One of the more common criticisms of affirmative action policies, which was debated in the Bakke, Grtuz, and Grutter cases, is that the use of racial preferences in the admissions process is unconstitutional. Opponents maintain that affirmative action policies are in direct violation of the Equal Protection Clause of the Fourteenth Amendment which states, “No state shall make or enforce any law which shall abridge the privileges or immunities of citizens of the United States; nor deny to any person within its jurisdiction the equal protection of the laws.” The argument made is that affirmative action policies deny non-minorities equal treatment and are, therefore, unconstitutional.
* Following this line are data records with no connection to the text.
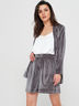 Костюм из фактурного бархата в полоску, состоит из жакета и шорт. Детали жакета: прямой силуэт, шалевый воротник, втачной рукав, плечи усиленны подплечниками. Шорты на притачном поясе, выполнены с наборкой по талии.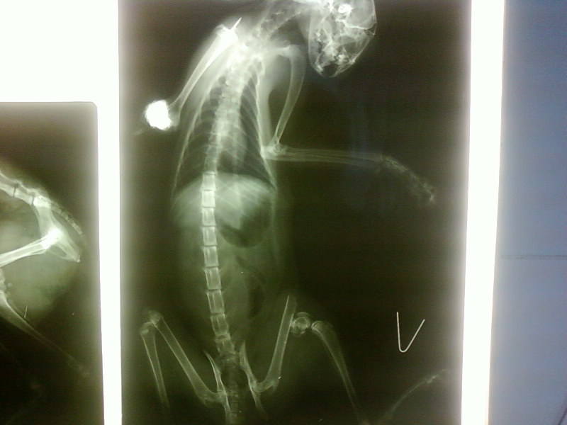 2 дня назад по великой случайности он выпал из окна с 8 этажа, в тот же час мы поехали в клинику, сперва в Энималз, но там мы так очереди не дождались и поехали на Фрунзе 57/1, забыл название. Там нам сделали снимки и сказали нужна операция. Посоветовавший по телефону с одни врачем, он сказал можно и не делать, попробовать в клинике сделать, ну что-то типо гипсовой накладки или как там, в общем я не понял. Пока он дома, лежит под уколами, отходит от шока, я бы хотел с вами посоветоваться, посмотрите пожалуйста фото, прокомментируйте. У него сотрясение и что-то с мочевым пузырем ( ушиб) , врачи так и не сказали. Вывих передней лапки, его на снимке видно и сломана задняя.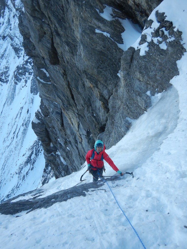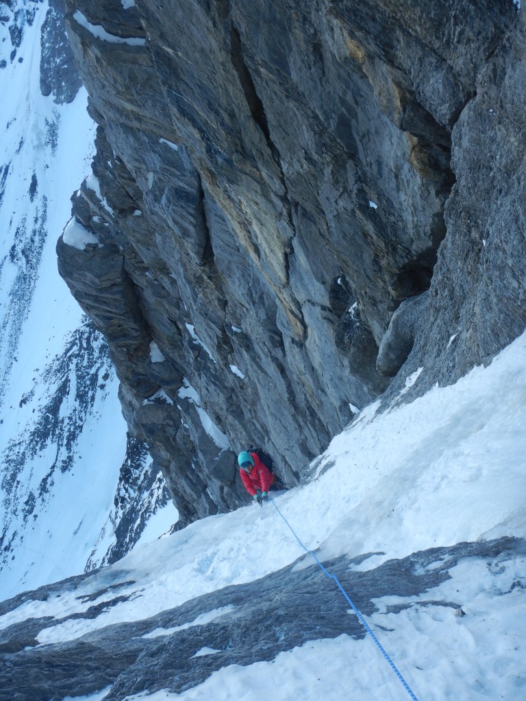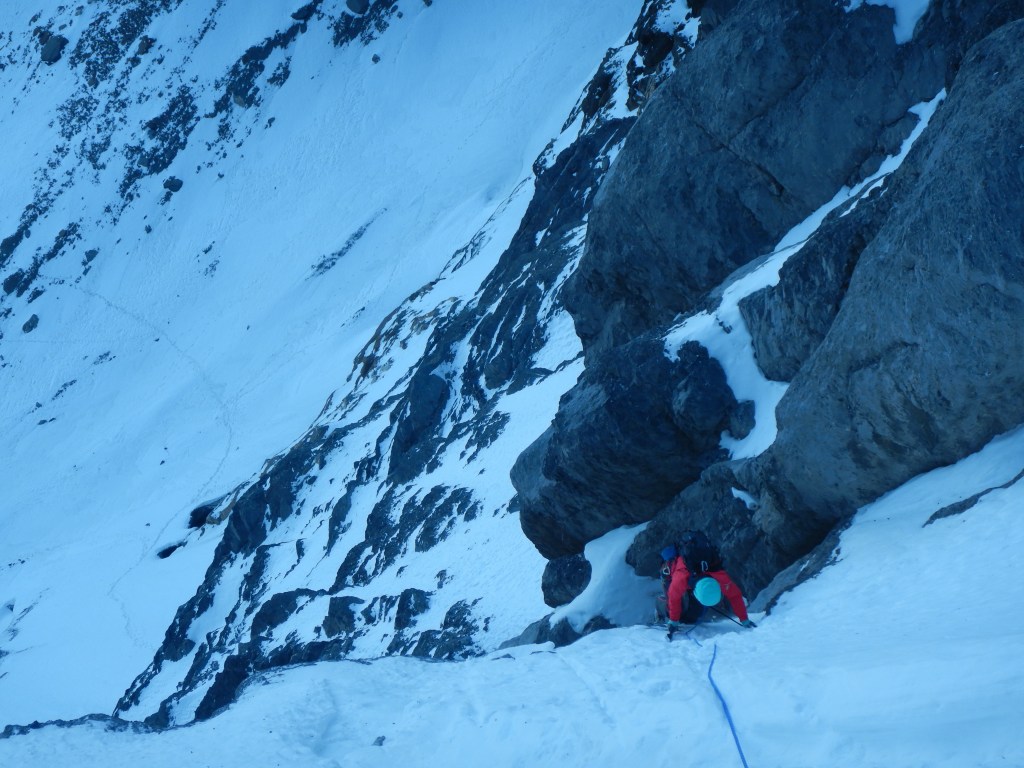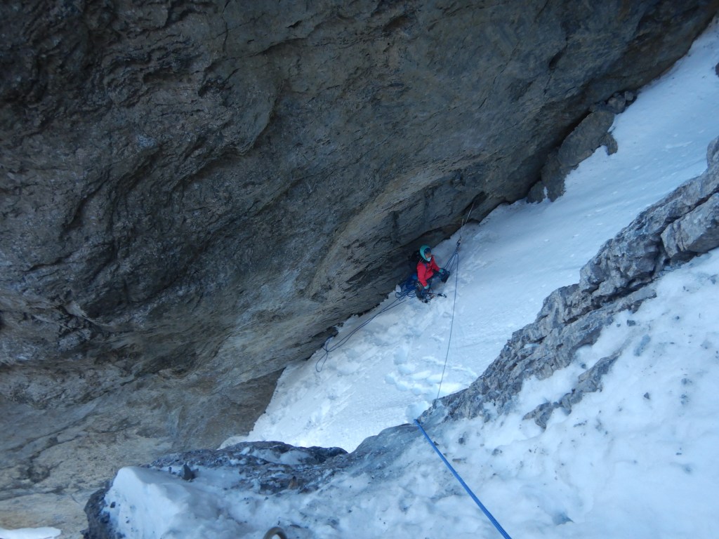 Länge 4, M3, ist dann einfach über ein Schneeband und eine kurze Felsstufe, welche dann aber nicht ganz solide und banal zu klettern ist wie erwartet. Nachgesichert habe ich im Loch hinten unten direkt über den Körper.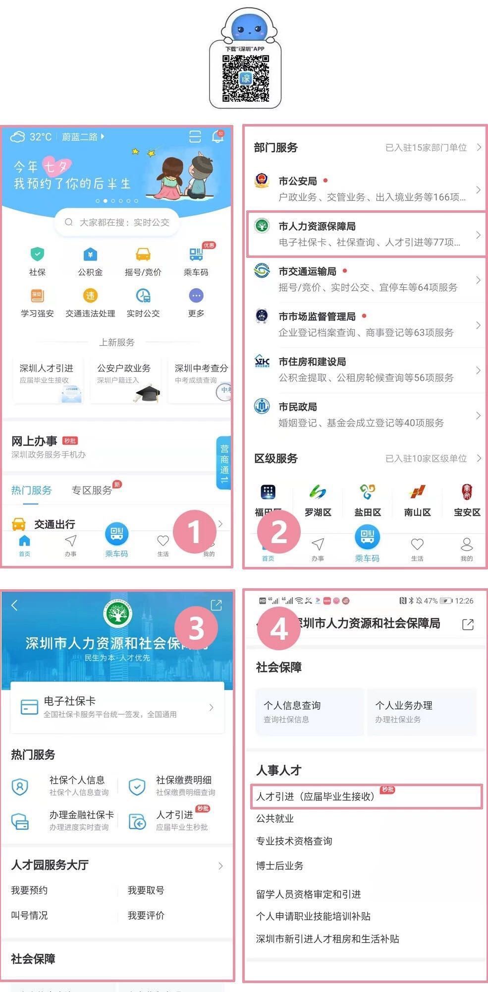 應(yīng)屆畢業(yè)生辦理人才引進(jìn)時,可以選擇下載“i深圳”APP在手機(jī)上辦理,路徑為:“i深圳”首頁-市人力資源保障局-人事人才:人才引進(jìn)(應(yīng)屆畢業(yè)生接收)。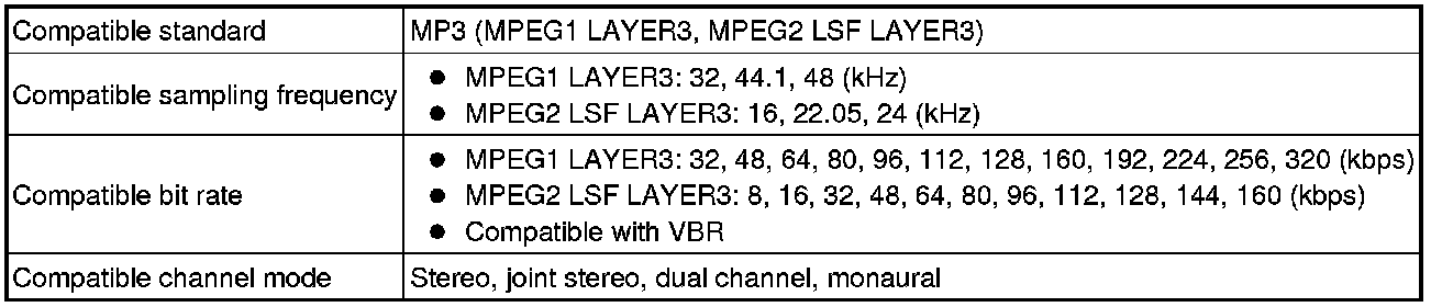 * As for MP3/WMA files written in any unlisted format, the contents of the files may not be played normally or the file names or folder names may not be displayed correctly.

Many opponents of affirmative action also feel that racial preferences in the admissions process are morally unjust and are essentially a solid example of reverse discrimination. Racial discrimination as defined in the Webster’s Dictionary is as follows: to make distinctions in treatment; to show partiality or prejudice due to one’s race. Affirmative action programs allow minorities with fewer qualifications than that of non-minorities gain entry into certain colleges and universities due to their race. Former Florida congressman, Charles Canady, described affirmative action as “dressed-up discrimination,” in a speech he delivered on the topic of racial equality. Canady declared that affirmative action programs, “deny opportunities to individuals solely because they are members of non preferred race, gender, or ethnic group.” He went on to state, “By locking deserving whites and Asians out of jobs and schools to make room for minorities with much weaker records, affirmative action exemplifies discrimination.” The basic argument is that affirmative action discriminates against the non- minority applicant.
Another argument against affirmative action is that it, in fact, harms minority students by putting them into schools that they are unprepared for. The effect of racial preferences at selective colleges guarantees that students are placed at least one level ahead of where they would have been competitive. Thomas Sowell, a senior fellow at the Hoover Institution in Stanford, “Minority students, who were perfectly capable of excelling in good colleges, have been artificially turned into failures by being admitted into high pressure where only the most exemplary students can succeed.”
A final criticism is that racial preferences in college admissions lowers the academic quality of the college. By admitting students with fewer qualifications because they are minorities, the college or university is turning down more qualified students. It is only logical then to assume that this would lower the quality of the school.